The column below reflects the views of the author, and these opinions are neither endorsed nor supported by WisOpinion.com.

The day Speaker Ryan withdrew the American Health Care Act from consideration, there was a wreck on the freeway.

Getting home took a lot longer than usual. At times traffic stopped completely. We were in a parking lot that stretched for miles.

The car in front of me was an Audi A8. Shiny silver and brand new, the four-door version costs about $100,000. Behind me was a city bus. On the day Trump Care vanished, it didn’t matter if you were driving a fancy German sedan, my beat-up Honda SUV, or were sitting in public transportation. You weren’t going anywhere quickly. There was some comfort in the notion that we were all in this stalled procession together.

Finally, I got off the freeway and coasted up my driveway. Safe and home, I thought.

The jabbering geniuses of television journalism were in a celebratory mood. The depredations of the AHCA had been beaten back. We were all safe and home with Obamacare.

The station switched to advertisements for two medications: Harvoni, a medicine for hepatitis C, and Opdiva, for lung cancer.

Then we were back to howls about Trumpcare: a bullet dodged.

I couldn’t stop thinking about hepatitis C, a disease that can lead to liver failure, liver cancer and death. A few keystrokes on my cell phone, and the cost of Harvoni popped up. The wholesale acquisition cost for a single pill is $1,125. If you’re cured in eight weeks that comes to $63,000, not counting doctor visits and lab tests. If you need to continue therapy for twelve weeks the total is $94,500, plus clinic and lab fees.

Opdiva’s a medicine for lung cancer. It’s also used for skin and kidney cancer. The drug costs about $150,000 for the initial treatment, and then $14,000 a month. That’s for lung cancer; for skin cancer, along with another medication called Yervoy, the cost is $256,000 per year.

The average American household income is about $51,000 per year. A medication costing three times that, or a combination that costs five times a family’s income, might as well exist only on the moon.

The problem is, there are no substitutes for these very expensive drugs. If you have high blood pressure, there are many effective – and financially accessible – choices. So also for diabetes, with very good ones costing hundreds of dollars per month. And the same for asthma: hundreds per month will keep you breathing.

Put it this way: if we’re all going home, it doesn’t matter a great deal if we get there in a German luxury car, an old SUV, or a bus. The end result is the same. The Audi may ride better; the Honda may arrive a lot sooner than the bus, but we all get where we want. In the case of lung, kidney or skin cancer, sometimes the alternative to modern medicine is dying.

According to the Kaiser Foundation, over twenty-eight million Americans were without insurance in 2015. If you average that across the entire population, that’s about one in eleven citizens. Put another way, it would be two patients in my clinic per day – except this clinic does not see uninsured patients.

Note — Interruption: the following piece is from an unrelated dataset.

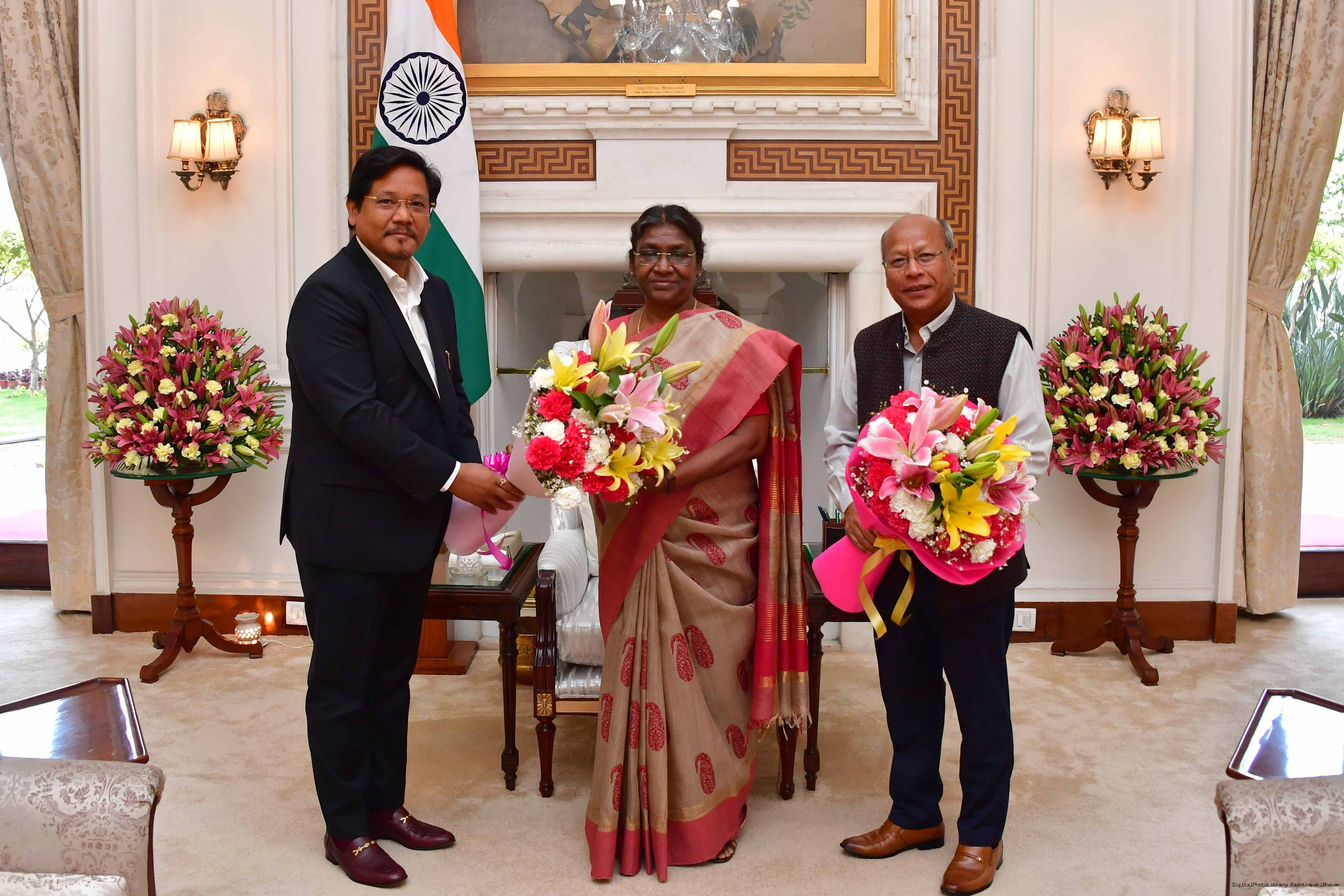 The Chief Minister of Meghalaya, Shri Conrad Kongkal Sangma and the Deputy Chief Minister, Shri Prestone Tynsong called on the President of India Smt. Droupadi Murmu at Rashtrapati Bhavan on March 11, 2023.

According to the Commonwealth Fund, in 2014 about a tenth of us had insurance with out-of-pocket costs or deductibles so high that we wouldn’t seek medical care until we were desperate.

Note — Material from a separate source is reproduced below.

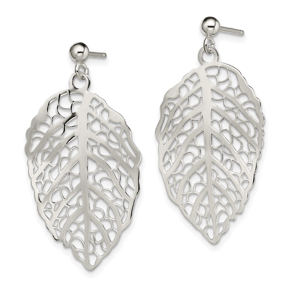 Sterling Silver Polished Leaf Post Dangle Earrings

I’ve read that the Republicans are developing a new and improved proposal that will come along someday. For now, we have Obamacare, which provides some insurance to most of us. You may not like the mode of transportation it offers, but you’re better off with it than being uninsured.

I switched off the television and thought of the people who don’t have any insurance, and the folks who have $10,000 deductibles.

We’ve got to find a way to get everyone on the bus.

— Dr. Richard Weiner has been practicing medicine in Milwaukee since 1989. The former UW Medical School faculty member is the author of the soon to be published legal thriller, Killing Dante.